Pero bueno, volviendo a lo actual, lo de Maduro. Trump ha soltado la bomba diciendo que van a capturarlo en una “operación a gran escala”. El tema es que esto plantea muchísimas preguntas. ¿Será que realmente hay pruebas sólidas en su contra?, ¿o es simplemente una excusa para intervenir en Venezuela y seguir removiendo el gallinero? Porque ya saben, la política internacional es un brete complicado, lleno de intereses y agendas ocultas.
Si vamos revisando la historia, estas intervenciones gringas en Latinoamérica tienen una larga tradición. Desde el golpe de Estado en Guatemala en 1954, pasando por la invasión de Cuba en Bahía de Cochinos en 1961, hasta el envío de marines a República Dominicana en 1965, siempre han encontrado alguna excusa para meterse en nuestros asuntos. No olvidemos el apoyo a las dictaduras militares del Cono Sur en los años 70, ni la guerra secreta contra Nicaragua en los 80. ¡Uf, qué historial!
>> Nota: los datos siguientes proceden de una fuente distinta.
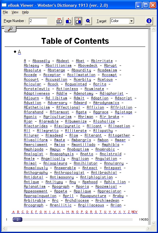 I automated the process to add TOC entries into a two-tiered TOC. I ended up adding just over 2600 TOC links. The idea was to space them evenly over every 50 words and then the mid point would be no more than 25 words from either side (word_before TOClink or word_after TOClink). With an average of (say) 5 words to a "page" that would mean the mid point would be only 5 page-turns away! Now, the exciting news (for the REB1200 version ONLY), all words referenced in a definition (i.e. Abase) like 'See Base' are now hyperlinked to that entry in the dictionary; some 50,000+ new links have been added by me! Unfortunately, the EBW1150, cannot handle this many links, so I've limited the EBW1150 version to only contain hyperlinks to words that are 7 letters or greater! This reduces sufficiently the number of links and can then be made to work with the EBW1150. I could not increase the number of hyperlinks by adding 6+ letters or less as it stopped working if I did. Again this only refers to EBW1150 version and the words referenced "inside" a definition; not the main words linked from the TOC! This conversion from .html to .imp takes siginificantly longer, about 3.5 hours! Even though this is a 100 year old dictionary, I hope you find it useful. I know some people will probably read it like a book.... ![]() BTW, did I mention IT'S HUGE. HOW TO INSTALL FOR EBW1150 users You need both parts 1 & 2 of the 'Websters Dictionary 1913.imp' zip below (the 1st & 2nd attachments below). The .html source for this ebook is included separately (the 3rd attachment below). FOR REB1200 usersNote the EBW1150 .imp ebook was produced with the 'View with Small Font Only' option so that it would work with the EBW1150's more limited memory. Also, when reading a definition and it refers to another word, the link exists only for referred words that are 7+ characters in length. This was a trade-off to allow this .imp ebook to work, as 6 character or less words just constantly rebooted the reader. Also, the first time you use a link within this .imp ebook, you may get a message that Your eBook has exhausted an internal resource... and the unit says Restarting.... Just try again as the EBW1150 just freed all available resources so as to allow the links to work now! You need both parts 1 & 2 of the 'Websters Dictionary 1913_1200.imp' zip below (the 4th & 5th attachments below). The .html source for this ebook is included separately (the 6th attachment below). Then using HJSplit or similar just combine the two parts after unzipping them i.e. .001 and .002. If you don't mind using the command prompt, type the copy command below:Aside: The REB1200 source .html can also be used with the attached wordlist (the 7th attachment below) hyperlinking all 110,875 words into the main dictionary .html. This can be used to create a new/different tier-two TOC instead of using just every 50th word! Code:

Ahora bien, ¿será que estamos viendo el principio de otro largo conflicto en la región?, ¿o Trump solo está buscando llamar la atención con unas declaraciones grandilocuentes? Y lo más importante: ¿qué impacto tendrá toda esta movida en la vida de la gente común en Venezuela y en toda Latinoamérica? Me pregunto, ¿hasta dónde estarán dispuestos a llegar los Estados Unidos para imponer su voluntad en nuestra querida América Latina? ¡Díganme sus opiniones, mándale pues!